--- DATA TO EXAMINE Enclosed Below ---
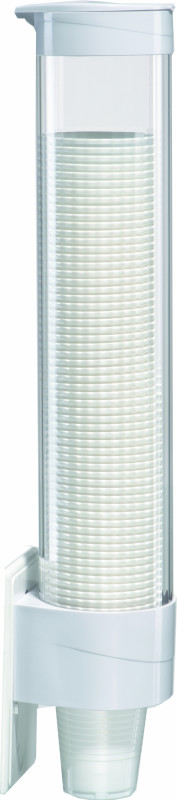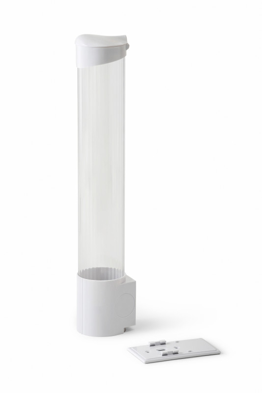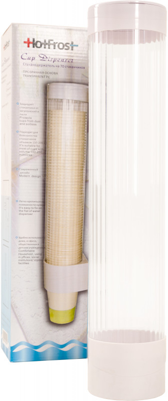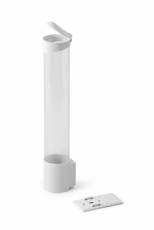 Ємність для стаканчиків виготовлена із прозорого пластику, а кришка та кріпильна частина із пластику білого кольору.
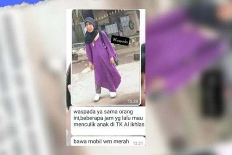"Waspada ya sama orang ini, beberapa jam yg lalu mau menculik anak di TK Al Ikhlas," tulis pesan tersebut.
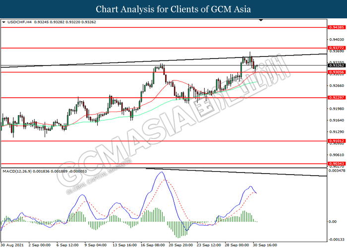 USDCHF, H4: USDCHF telah didagang dengan lebih rendah sementara kini menguji di tahap skongan 0.9305. MACD yang memaparkan momentum bearish mencadangkan pasangan ini untuk melanjutkan kerugiannya selepas ia memecah tahap sokongan tersebut.
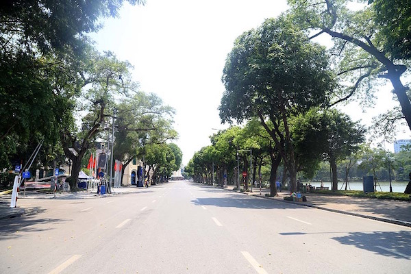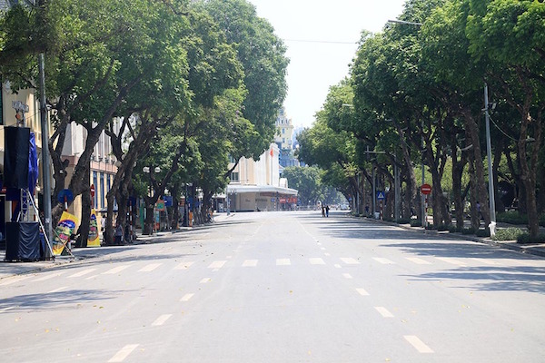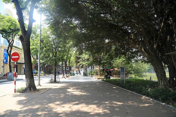 Phố đi bộ quanh hồ Gươm vì thế vắng tanh trong khoảng từ 10h sáng đổ về chiều
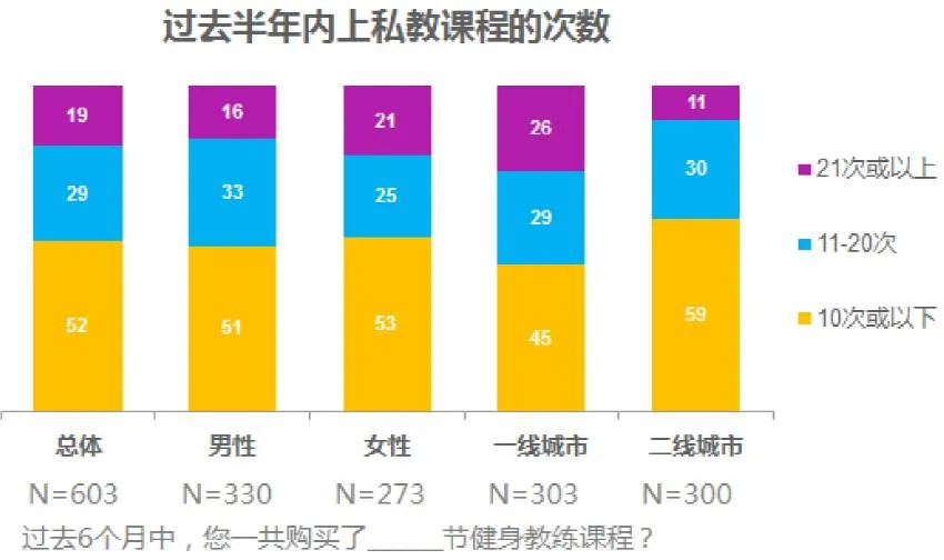 另外,一线城市的健身会员上私教课程的次数(平均半年内19次)也远远高于二线城市会员(平均半年内12次),有1/4的一线城市被访者在过去半年内上过超过20次私教课程(二线城市仅为11% )。
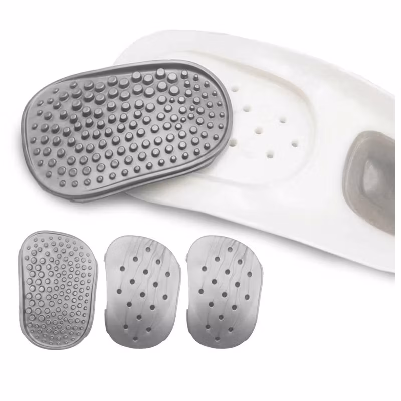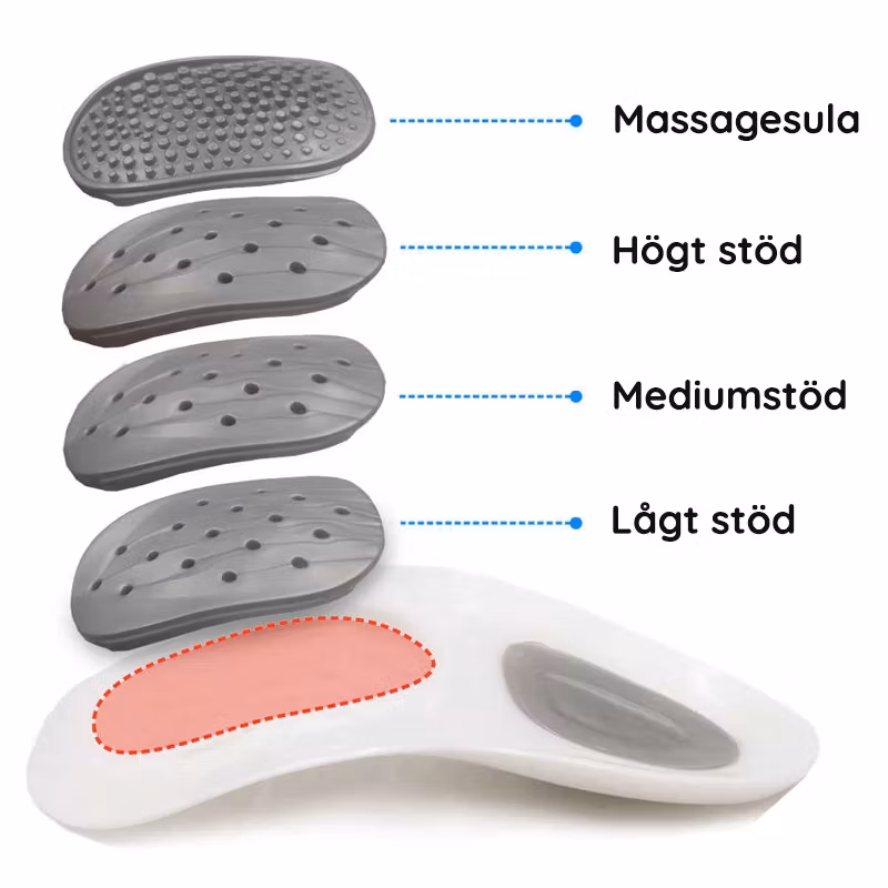 Genom att använda dessa smarta ihåliga fotstöd får du en korrekt fotreduktion och minskar smärta under fötterna, i knäna eller i höfterna. Paketet innehåller fyra olika utbytbara stödplattor.
--- End of Enclosed DATA TO EXAMINE ---
> **TO DO**
An acceptable answer holds exactly the lines from the one with "Phố đi bộ quanh" through the end of the entries above, both ends kept, and no pictures at all.

> **THE ANSWER**
 Phố đi bộ quanh hồ Gươm vì thế vắng tanh trong khoảng từ 10h sáng đổ về chiều
 另外,一线城市的健身会员上私教课程的次数(平均半年内19次)也远远高于二线城市会员(平均半年内12次),有1/4的一线城市被访者在过去半年内上过超过20次私教课程(二线城市仅为11% )。
 Genom att använda dessa smarta ihåliga fotstöd får du en korrekt fotreduktion och minskar smärta under fötterna, i knäna eller i höfterna. Paketet innehåller fyra olika utbytbara stödplattor.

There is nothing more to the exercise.